- **PROBLEM TO SOLVE**
After locating the line that contains "The right lane" in the data below, set down exactly that line and each one after it through the line that contains "We received an", and nothing more.

- **SOURCE MATERIAL**
══════

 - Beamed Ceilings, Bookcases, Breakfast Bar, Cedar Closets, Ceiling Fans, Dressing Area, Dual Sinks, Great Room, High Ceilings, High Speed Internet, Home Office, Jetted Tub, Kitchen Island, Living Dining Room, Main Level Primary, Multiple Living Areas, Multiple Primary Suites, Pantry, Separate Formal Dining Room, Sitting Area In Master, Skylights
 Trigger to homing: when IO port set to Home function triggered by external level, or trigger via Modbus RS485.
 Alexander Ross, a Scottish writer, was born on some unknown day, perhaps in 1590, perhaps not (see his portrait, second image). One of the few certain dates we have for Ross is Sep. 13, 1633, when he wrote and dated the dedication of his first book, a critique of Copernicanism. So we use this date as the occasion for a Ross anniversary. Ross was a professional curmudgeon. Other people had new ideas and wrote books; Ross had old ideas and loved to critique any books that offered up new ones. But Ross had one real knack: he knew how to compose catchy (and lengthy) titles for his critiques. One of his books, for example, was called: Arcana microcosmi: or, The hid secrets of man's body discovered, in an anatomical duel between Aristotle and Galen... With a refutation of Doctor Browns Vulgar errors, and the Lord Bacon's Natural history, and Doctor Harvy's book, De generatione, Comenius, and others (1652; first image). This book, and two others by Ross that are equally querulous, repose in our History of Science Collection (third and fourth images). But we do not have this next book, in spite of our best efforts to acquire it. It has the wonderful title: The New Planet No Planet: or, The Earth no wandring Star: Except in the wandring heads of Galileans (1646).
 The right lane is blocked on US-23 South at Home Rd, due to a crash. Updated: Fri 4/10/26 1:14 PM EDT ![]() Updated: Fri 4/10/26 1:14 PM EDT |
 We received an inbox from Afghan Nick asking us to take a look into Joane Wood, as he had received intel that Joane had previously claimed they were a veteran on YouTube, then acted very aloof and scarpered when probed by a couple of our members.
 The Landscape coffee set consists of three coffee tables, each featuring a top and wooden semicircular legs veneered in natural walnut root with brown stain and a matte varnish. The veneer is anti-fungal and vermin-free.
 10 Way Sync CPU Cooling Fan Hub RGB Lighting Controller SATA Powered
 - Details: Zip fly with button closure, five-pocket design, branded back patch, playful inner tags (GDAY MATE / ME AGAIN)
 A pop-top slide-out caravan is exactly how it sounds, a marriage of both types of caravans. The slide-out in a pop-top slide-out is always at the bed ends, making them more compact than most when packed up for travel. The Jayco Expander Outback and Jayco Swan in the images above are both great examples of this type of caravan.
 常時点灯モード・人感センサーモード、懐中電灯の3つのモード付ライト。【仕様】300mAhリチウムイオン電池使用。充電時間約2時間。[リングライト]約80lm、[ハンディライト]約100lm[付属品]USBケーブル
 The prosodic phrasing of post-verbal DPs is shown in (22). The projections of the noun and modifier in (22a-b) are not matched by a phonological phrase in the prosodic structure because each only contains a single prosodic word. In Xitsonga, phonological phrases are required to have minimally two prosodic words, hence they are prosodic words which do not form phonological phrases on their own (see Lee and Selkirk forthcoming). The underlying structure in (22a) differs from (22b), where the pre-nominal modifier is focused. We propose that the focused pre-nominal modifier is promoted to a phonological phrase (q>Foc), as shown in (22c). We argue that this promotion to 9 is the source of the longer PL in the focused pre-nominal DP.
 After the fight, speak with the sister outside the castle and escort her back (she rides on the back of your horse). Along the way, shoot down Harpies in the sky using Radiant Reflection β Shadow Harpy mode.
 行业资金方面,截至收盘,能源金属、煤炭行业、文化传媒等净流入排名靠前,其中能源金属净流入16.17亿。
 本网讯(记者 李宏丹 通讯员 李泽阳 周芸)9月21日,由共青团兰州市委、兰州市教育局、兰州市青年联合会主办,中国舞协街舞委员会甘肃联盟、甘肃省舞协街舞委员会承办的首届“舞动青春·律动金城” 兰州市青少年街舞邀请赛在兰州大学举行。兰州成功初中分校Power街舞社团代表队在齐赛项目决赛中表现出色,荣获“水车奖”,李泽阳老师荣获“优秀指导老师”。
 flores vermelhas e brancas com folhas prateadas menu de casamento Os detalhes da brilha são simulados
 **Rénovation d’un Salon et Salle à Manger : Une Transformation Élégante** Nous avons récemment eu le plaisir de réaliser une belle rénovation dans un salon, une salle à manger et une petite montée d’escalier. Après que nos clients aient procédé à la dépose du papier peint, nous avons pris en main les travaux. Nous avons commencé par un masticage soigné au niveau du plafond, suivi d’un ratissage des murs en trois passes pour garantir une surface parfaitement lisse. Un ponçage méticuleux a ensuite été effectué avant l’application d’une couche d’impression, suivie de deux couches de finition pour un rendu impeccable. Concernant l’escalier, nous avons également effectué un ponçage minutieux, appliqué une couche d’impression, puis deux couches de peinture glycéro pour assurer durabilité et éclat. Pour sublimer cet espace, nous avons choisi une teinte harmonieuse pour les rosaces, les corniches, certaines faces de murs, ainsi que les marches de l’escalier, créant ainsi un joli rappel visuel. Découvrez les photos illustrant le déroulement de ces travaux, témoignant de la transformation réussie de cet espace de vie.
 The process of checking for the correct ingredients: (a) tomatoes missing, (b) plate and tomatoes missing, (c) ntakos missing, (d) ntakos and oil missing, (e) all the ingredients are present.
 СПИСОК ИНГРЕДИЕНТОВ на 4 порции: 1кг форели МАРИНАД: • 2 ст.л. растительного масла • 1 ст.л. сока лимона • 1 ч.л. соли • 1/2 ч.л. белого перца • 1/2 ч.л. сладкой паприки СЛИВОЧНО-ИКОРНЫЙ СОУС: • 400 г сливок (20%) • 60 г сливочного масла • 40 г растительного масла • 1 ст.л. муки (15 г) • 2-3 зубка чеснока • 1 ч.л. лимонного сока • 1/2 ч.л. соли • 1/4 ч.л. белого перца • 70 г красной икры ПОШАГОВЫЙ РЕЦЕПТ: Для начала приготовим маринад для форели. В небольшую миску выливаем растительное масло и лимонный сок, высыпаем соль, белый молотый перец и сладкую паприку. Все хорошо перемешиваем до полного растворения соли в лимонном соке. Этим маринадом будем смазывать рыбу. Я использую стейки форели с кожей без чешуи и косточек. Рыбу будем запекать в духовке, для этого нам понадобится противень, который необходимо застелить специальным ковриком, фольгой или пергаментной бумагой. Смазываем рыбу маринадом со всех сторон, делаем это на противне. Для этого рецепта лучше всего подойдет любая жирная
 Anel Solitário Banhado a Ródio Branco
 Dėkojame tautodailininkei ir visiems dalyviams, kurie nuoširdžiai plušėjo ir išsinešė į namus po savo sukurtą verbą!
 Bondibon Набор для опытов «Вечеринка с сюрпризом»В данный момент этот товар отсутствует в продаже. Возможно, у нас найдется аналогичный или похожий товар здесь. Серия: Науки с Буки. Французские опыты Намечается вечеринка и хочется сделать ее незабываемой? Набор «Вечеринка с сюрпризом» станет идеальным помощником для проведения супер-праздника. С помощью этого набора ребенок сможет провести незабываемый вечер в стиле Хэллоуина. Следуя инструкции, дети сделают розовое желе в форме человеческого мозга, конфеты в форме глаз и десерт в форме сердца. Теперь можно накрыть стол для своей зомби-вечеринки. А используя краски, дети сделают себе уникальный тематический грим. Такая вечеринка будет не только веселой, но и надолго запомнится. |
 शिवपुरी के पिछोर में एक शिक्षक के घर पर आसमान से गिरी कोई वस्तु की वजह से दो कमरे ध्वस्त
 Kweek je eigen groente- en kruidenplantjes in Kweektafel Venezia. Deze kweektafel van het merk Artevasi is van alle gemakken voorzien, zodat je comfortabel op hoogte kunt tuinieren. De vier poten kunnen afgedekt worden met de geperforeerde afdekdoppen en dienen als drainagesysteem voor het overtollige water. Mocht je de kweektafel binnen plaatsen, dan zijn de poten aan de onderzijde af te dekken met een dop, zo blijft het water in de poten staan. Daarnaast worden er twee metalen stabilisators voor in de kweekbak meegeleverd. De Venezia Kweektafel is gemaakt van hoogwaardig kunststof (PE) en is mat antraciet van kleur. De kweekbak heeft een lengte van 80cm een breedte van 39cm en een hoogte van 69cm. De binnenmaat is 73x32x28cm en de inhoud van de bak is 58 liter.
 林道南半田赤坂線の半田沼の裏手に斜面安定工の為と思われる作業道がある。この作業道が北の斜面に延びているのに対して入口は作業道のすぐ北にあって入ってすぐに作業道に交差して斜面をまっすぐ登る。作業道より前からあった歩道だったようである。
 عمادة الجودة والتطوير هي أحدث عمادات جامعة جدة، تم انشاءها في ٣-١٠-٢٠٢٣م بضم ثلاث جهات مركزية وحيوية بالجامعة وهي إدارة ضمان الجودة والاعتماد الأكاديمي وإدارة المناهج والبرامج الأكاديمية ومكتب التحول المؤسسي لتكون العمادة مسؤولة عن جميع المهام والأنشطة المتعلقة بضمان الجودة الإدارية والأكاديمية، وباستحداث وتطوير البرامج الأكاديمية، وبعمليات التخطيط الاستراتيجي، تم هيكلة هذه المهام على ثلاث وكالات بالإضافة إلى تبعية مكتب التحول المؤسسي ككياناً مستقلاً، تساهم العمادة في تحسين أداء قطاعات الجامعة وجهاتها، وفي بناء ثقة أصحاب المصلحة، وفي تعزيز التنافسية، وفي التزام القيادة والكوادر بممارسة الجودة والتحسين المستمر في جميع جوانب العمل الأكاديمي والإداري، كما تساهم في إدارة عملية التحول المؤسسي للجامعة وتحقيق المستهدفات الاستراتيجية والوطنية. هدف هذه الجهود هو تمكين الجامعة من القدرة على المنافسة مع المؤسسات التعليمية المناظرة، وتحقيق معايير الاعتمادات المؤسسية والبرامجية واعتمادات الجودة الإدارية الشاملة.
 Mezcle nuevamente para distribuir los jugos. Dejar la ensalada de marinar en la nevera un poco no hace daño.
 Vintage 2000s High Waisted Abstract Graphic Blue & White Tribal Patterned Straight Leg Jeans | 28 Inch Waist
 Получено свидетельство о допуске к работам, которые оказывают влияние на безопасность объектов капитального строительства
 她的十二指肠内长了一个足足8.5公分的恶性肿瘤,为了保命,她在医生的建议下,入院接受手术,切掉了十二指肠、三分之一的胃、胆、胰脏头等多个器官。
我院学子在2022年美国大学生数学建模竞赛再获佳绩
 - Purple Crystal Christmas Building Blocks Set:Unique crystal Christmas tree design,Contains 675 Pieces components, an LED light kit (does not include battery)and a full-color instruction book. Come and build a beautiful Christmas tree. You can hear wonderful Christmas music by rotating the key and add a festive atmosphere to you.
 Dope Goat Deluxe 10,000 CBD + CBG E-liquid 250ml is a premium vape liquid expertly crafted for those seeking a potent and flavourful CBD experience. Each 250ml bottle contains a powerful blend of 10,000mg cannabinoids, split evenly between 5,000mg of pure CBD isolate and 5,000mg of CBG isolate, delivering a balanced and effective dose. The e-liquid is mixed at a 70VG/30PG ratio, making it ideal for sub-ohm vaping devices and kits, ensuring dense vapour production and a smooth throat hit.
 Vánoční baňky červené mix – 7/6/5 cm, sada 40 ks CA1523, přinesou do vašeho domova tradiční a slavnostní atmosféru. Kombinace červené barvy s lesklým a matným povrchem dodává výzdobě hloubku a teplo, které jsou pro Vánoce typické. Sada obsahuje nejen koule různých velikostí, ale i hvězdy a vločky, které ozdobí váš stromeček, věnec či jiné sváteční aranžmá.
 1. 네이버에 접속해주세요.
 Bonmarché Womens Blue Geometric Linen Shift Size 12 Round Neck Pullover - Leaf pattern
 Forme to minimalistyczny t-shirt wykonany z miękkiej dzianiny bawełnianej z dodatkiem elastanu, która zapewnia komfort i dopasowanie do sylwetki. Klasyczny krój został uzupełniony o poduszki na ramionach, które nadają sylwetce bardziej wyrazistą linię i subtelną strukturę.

══════

- **ANSWER SPACE**
 The right lane is blocked on US-23 South at Home Rd, due to a crash. Updated: Fri 4/10/26 1:14 PM EDT ![]() Updated: Fri 4/10/26 1:14 PM EDT |
 We received an inbox from Afghan Nick asking us to take a look into Joane Wood, as he had received intel that Joane had previously claimed they were a veteran on YouTube, then acted very aloof and scarpered when probed by a couple of our members.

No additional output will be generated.